Paylaş
Ben de bunun üzerine bu köşede şöyle bir soru sordum: “Gerçekten anayasa hukuku okumuş olabilir mi?”
Prof. Dr. Burhan Kuzu buna kızmış, dün beni aradı ve kendisine böyle söylemeye hakkım olmadığını belirtti, bir hukuk hocası olarak bunu hak etmediğini vurguladı.
Biraz sinirli bir anındaydı sanırım ama önemsemiyorum. Evet, Prof. Dr. Burhan Kuzu bir anayasa hukuku uzmanı olarak kuşkusuz ki hukuk okumuştur, hukuk da yazmıştır.
Kendisine bu uzmanlığını halkı doğru bilgilendirmek için kullanmasını ve milleti aldatmaması gerektiğini söyledim, burada da tekrarlıyorum:
Parlamenter sistemde güçler ayrılığı vardır. Zaten bir demokrasinin olmaz ise olmaz koşulu da budur, ister başkanlık sisteminde olsun, ister parlamenter sistemde.
Prof. Dr. Kuzu, bana bu sözü uygulama bağlamında söylediğini açıkladı. Ben de kendisine bunu böylece söylemesi gerektiğini hatırlattım. Şöyle diyebilirdi örneğin: “Bugün Türkiye’de uygulandığı haliyle parlamenter sistemimizde güçler ayrılığı yoktur”.
Böyle söyleseydi doğru bir şey söylemiş olurdu, ama kendisini bu yüzden tebrik etmemize de gerek olmazdı. Çünkü bunu hepimiz biliyoruz, yeni bir bilgi değil.
Bundan sonrasını telefonda konuşamadık, çünkü dedim ya çok sinirliydi. Onun için buradan söyleyeyim: Türkiye’deki sistemi düzeltmek mi istiyorsunuz, yoksa bir diktatör mü yaratmak istiyorsunuz?

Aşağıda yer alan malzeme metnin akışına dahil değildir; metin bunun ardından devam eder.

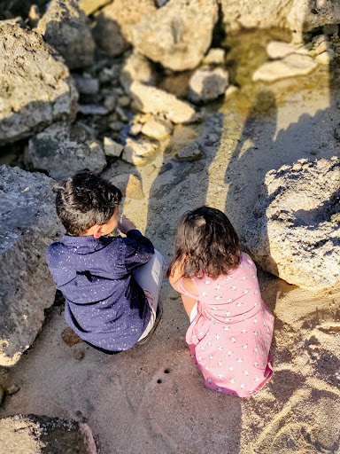 Their mom enjoys taking them here I guess runaround feel the Cool breeze and look through the rocks on the shore, it also seems that many people enjoy exercising in this park. Yes, bring bug...

Önerdiğiniz sistem bir diktatör yaratır! Madem başkanlık sistemini isteme nedeniniz, gerçek bir güçler ayrılığı yaratmak, o halde neden bu sistemin en iyi uygulandığı ülkeyi örnek almıyorsunuz da, Recep Tayyip Erdoğan için özel bir diktatörlük gömleği biçiyorsunuz? Odanızda bir ihtimal hukuk diplomalarınız asılı olabilir. Bu soruyu yanıtlamadan önce, o diplomalara bir kez daha bakın, sizi yetiştiren hocalarınızı, sizin yetiştirdiğiniz öğrencileri hatırlayın. Hukuka geri dönün hocam!
Ve bir de AİHM notu: Prof. Dr. Kuzu, bana eleştirimin “ağır” olduğunu, buna hakkım olmadığını, bundan sonra kendisinin televizyonlarda benim için benzer eleştirilerde bulunabileceğini söyledi.
Bilemem, isterse yapsın, istemezse yapmasın. Ben eleştiri hakkına saygı duyarım, yeter ki hakaret olmasın. Ve kendisine “siyasetçilerin ağır şekilde eleştirilmeye açık olmaları gerektiğini” vaaz eden AİHM kararlarını hatırlatırım.
Audiatur et altera pars!
BAŞLIKTAKİ bu Latince deyiş “Diğer tarafı da dinleyelim” anlamına geliyor.
Eski Roma’dan beri adaletin temel kavramlarından biridir. İlk kullanılışının üzerinden belki üç bin sene geçmiş ama hâlâ normal bir adalet düzeninin temel taşıdır.
Bu nedenle her mahkemede, yargıç önünde sonunda bunu söylemelidir: Karşı tarafı da dinleyelim!
Çünkü yargıçlardan beklediğimiz şey budur. Herkesi dinlemeleri, kimseye ayrıcalıklı muamele yapmamaları, herkesin sözüne değer vermeleri ve sonra kararlarını kanunlar ve vicdanları ile baş başa kalarak vermeleri!
Zaten şu Latince söz de bunun içindir: Nemo iudex in causa sua! (Kimse kendi davasının yargıcı olmamalıdır).
Eğer yargıç, bir davada taraf gibi davranıyorsa o mahkemeden adalet filan çıkmaz.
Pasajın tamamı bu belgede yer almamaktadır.